Dass der Krimi trotz seines intensiven, durchaus vielschichtig erzählten Themas am Ende doch nicht vollends überzeugt, liegt daran, dass man dem lange Zeit rätselhaften Psychodrama noch eine etwas unnötige Täter-Hatz aus dem Thriller-Baukasten ins letzte Drittel geschrieben hat. So kommt im Gesamtfazit ein in einigen Szenen sehr starker, mit zunehmender Dauer aber auch nachlassender und am Ende unfokussierter Fall aus dem Dresdner Revier.

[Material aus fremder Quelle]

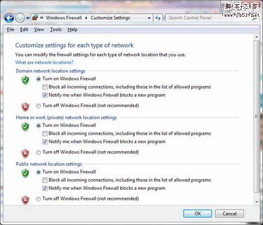 在全部的网络模式中,Windows 7 firewall都将在默认情况下拦截任何发送到不属于白名单中应用程序的连接。如图2所示,Windows 7允许你对不同网络类型分别配置。

Im Mai 2026 wurde bekannt, dass der MDR aus finanziellen Gründen das Dresdner "Tatort"- und das Magdeburger "Polizeiruf 110"-Team in eine mehrjährige Pause schicken wird. Der Aufschrei in den Medien und unter den Zuschauerinnen und Zuschauern war groß. Die Hauptdarsteller des Dresden-"Tatort" Martin Brambach und Cornelia Gröschel zeigten sich bestürzt und nannten den Vorgang ein "äußerst fatales politisches Signal, dass in den quotenstärksten und beliebtesten TV-Reihen im Deutschen Fernsehen der Osten Deutschlands einfach nicht mehr vorkommt. Das kann und darf nicht passieren!!! Gerade der Tatort soll ja dezidiert, ein gemeinschaftsbildendes Schaufenster der verschiedensten Regionen Deutschlands sein, und dazu gehören für uns unbedingt auch die Menschen und ihre Geschichten in Ostdeutschland."